2. A flashback protector according to claim 1, wherein the first pole piece is generally annular and the second pole piece is generally cylindrical, the first and second pole pieces being concentric, so that the flow path is annular in a plane perpendicular to the flow direction.

3. A flashback protector according to claim 1, wherein the magnetic-field generator comprises first and second electromagnets, each including a pole piece and a winding.

4. A flashback protector according to claim 1, wherein the magnetic-field generator comprises first and second permanent magnets.

5. A flashback protector according to any claim 1, wherein the magnetic-field generator is arranged to generate a magnetic field that is stronger at the downstream side than the upstream side.

6. A flashback protector according to claim 1, wherein the flashback protector is positioned in a fuel supply line between a fuel supply and a combustion chamber.

7. A gas turbine engine comprising a flashback protector according to claim 1.

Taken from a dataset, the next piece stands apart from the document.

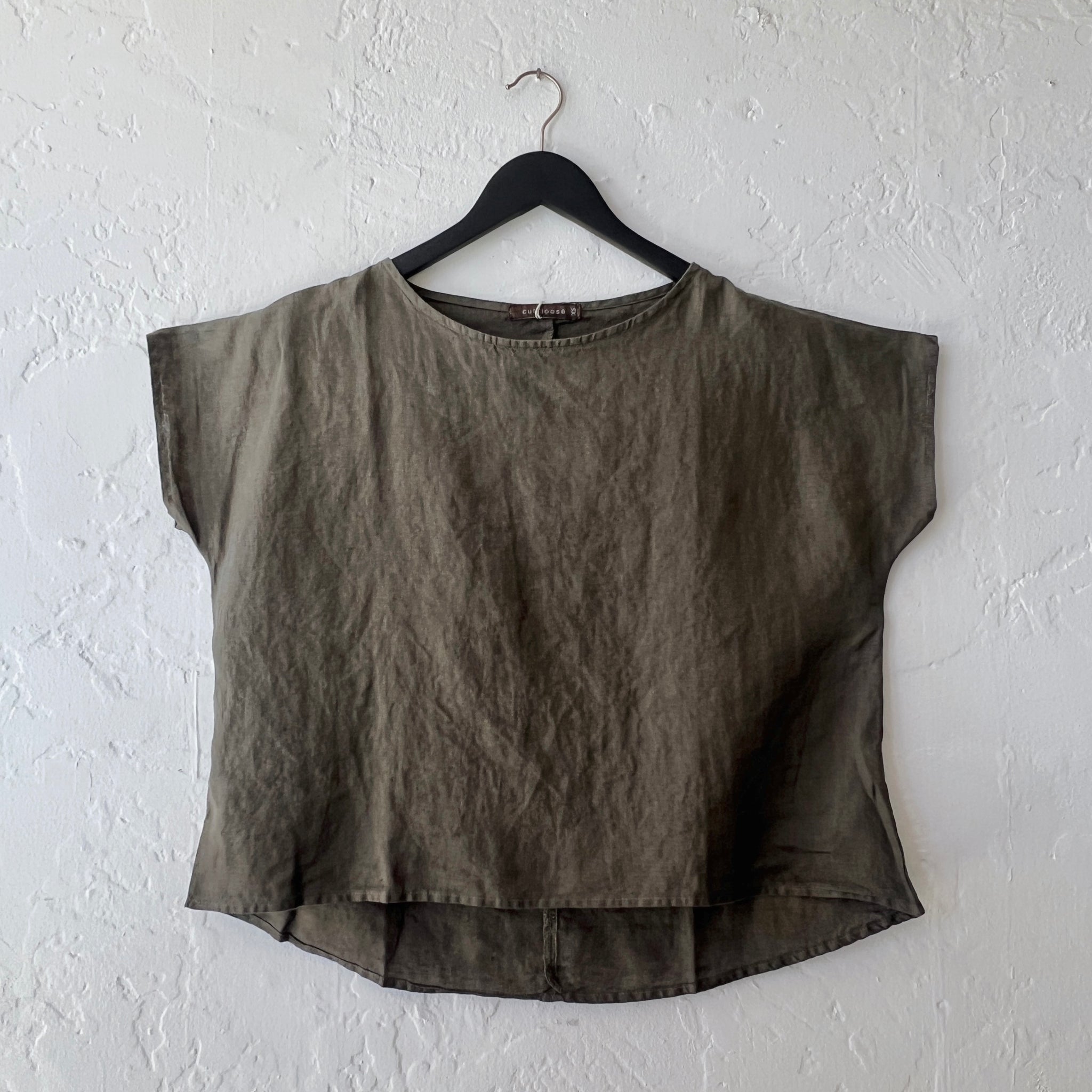 The perfect chic and easy linen tee with a high-low hem from front to back and a flattering boatneck. Kelp is a deep seaweed green color.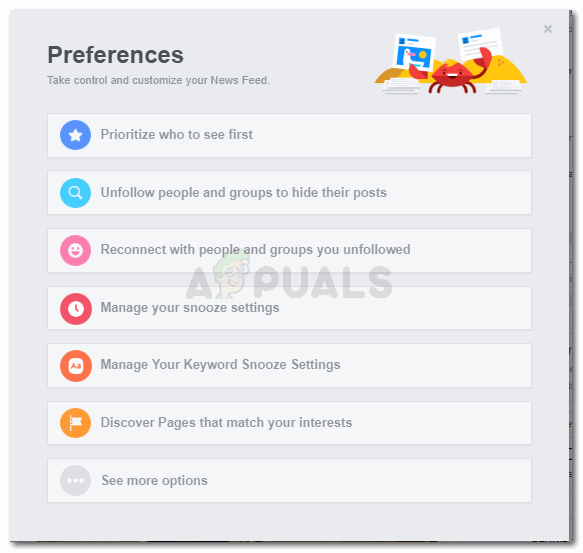 Preferences on Facebook - Click on the first option that says ‘Prioritize who to see first’. This is basically where you can select people and pages from your Facebook lists, and prioritize them so that they would be the ones that appear ‘first’ on your Facebook News Feed.

8. A method of limiting the propagation of a flame towards a fuel supply, comprising:

providing a magnetic-field generator comprising a first pole piece having a cavity within which a second pole piece is located in such a way that an opening is formed between the first and second pole pieces which in use provides a flow path for a fluid and across which a magnetic field is generated,

generating the magnetic field across the flow path defined between a downstream side and an upstream side, such that when a flashback occurs fluid flows towards the fuel supply through the magnetic field, which then induces a flow of current in the fluid, thereby generating a force on the fluid in a direction away from the fuel supply, wherein the fluid flows in a closed loop in a plane perpendicular to the flow direction and in use the induced current flows entirely within the fluid.

9. A method according to claim 8, wherein the closed loop is generally annular.

10. A method according to claim 8, wherein the magnetic field is generated by electromagnets.

11. A method according to claim 8, wherein the magnetic field is generated by permanent magnets.

12. A method according to claim 8, wherein the magnetic field is stronger at the downstream side than the upstream side.

13. A method according to claim 8, wherein the flashback flows through the flow path towards the fuel supply from a combustion chamber.